Imports rose 7 percent in February, mainly due to demand for Russian oil and gas during a sharp cold snap in February.
Adjusted for seasonal swings, the euro zone posted a trade surplus of 3.7 billion euros in February, continuing a trend in positive territory.
The euro zone's economy is expected to shrink about 0.3 percent this year, its second recession in just three years, but the slump masks wide divergences in the bloc's fortunes, with Germany and France likely to escape recession.
Economists are divided over just how deep the recession will be across the currency area, but most point to a pick-up later this year, driven by Chinese and U.S. demand for Europe's goods.

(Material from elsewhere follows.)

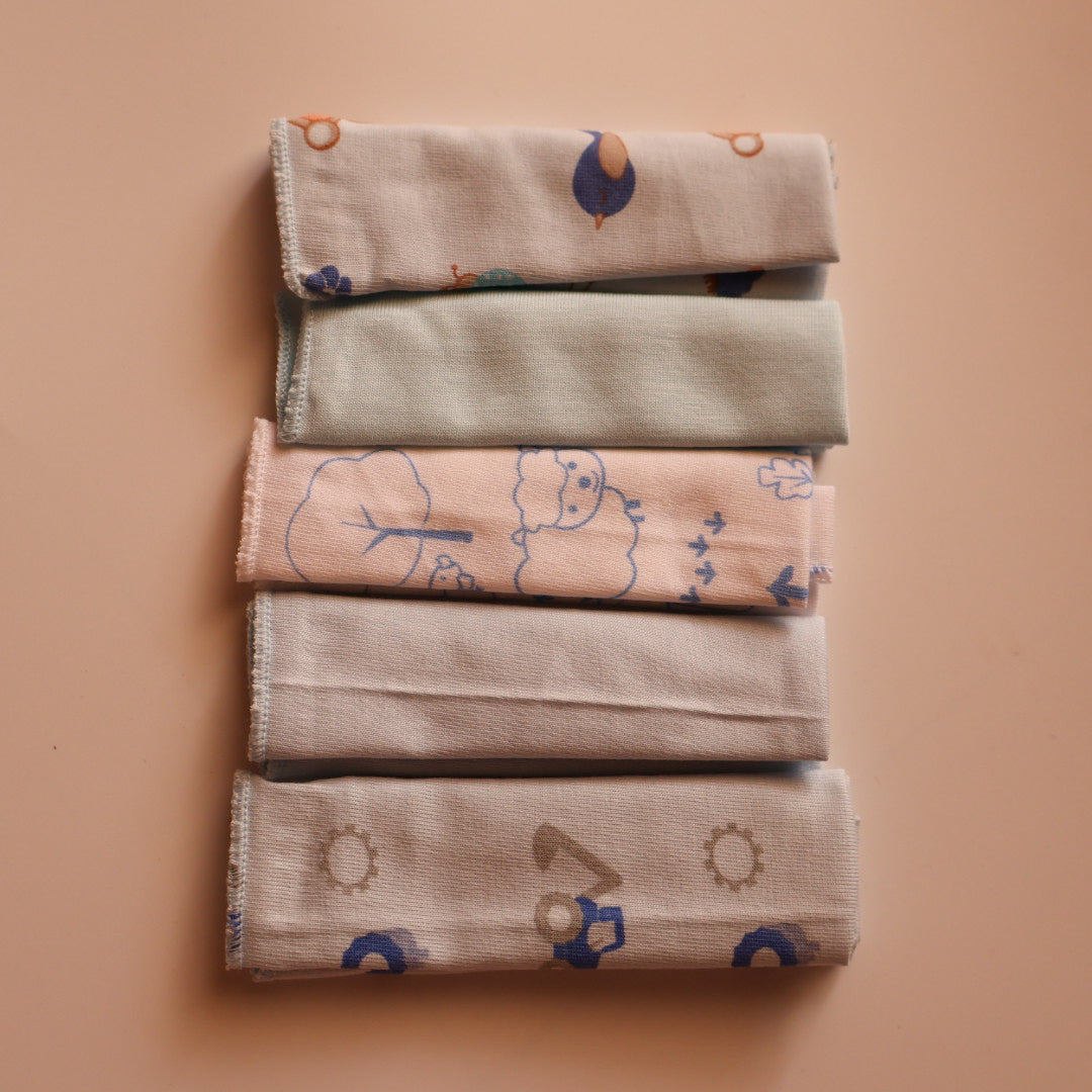 - Comes in a pack of 5 with soothing, baby-friendly colours and designs.

"In the euro zone, the balance of growth-related data continues to support our better-than-consensus picture of flattish gross domestic product growth during the first half, although one of significant divergence," Erik Nielsen, Unicredit's global chief economist, said in a note to clients.
"German growth remains robust, while peripheral GDP continues to contract," he said.
In January, the latest month for which data was available on a country-wide basis, exports of goods from France and Germany both rose 9 percent although German strength was the most notable as the euro zone's top economy was one of the few to notch up a trade surplus in the first month of the year.
Greece and Portugal, already in recession and only saved from insolvency by emergency euro zone funding, had trade deficits in January. Italy's deficit was one of the largest in the bloc, at 4.3 billion euros, although separate data showed it narrowed in February.
Overall in January, German strength helped increase exports to China by 16 percent and by 14 percent to the United States, compared to the same month a year ago.
The euro zone's trade deficit with China narrowed slightly to 14.7 billion in January and was almost unchanged with Russia. The bloc's surplus with the United States widened to 5.9 billion euros in the month.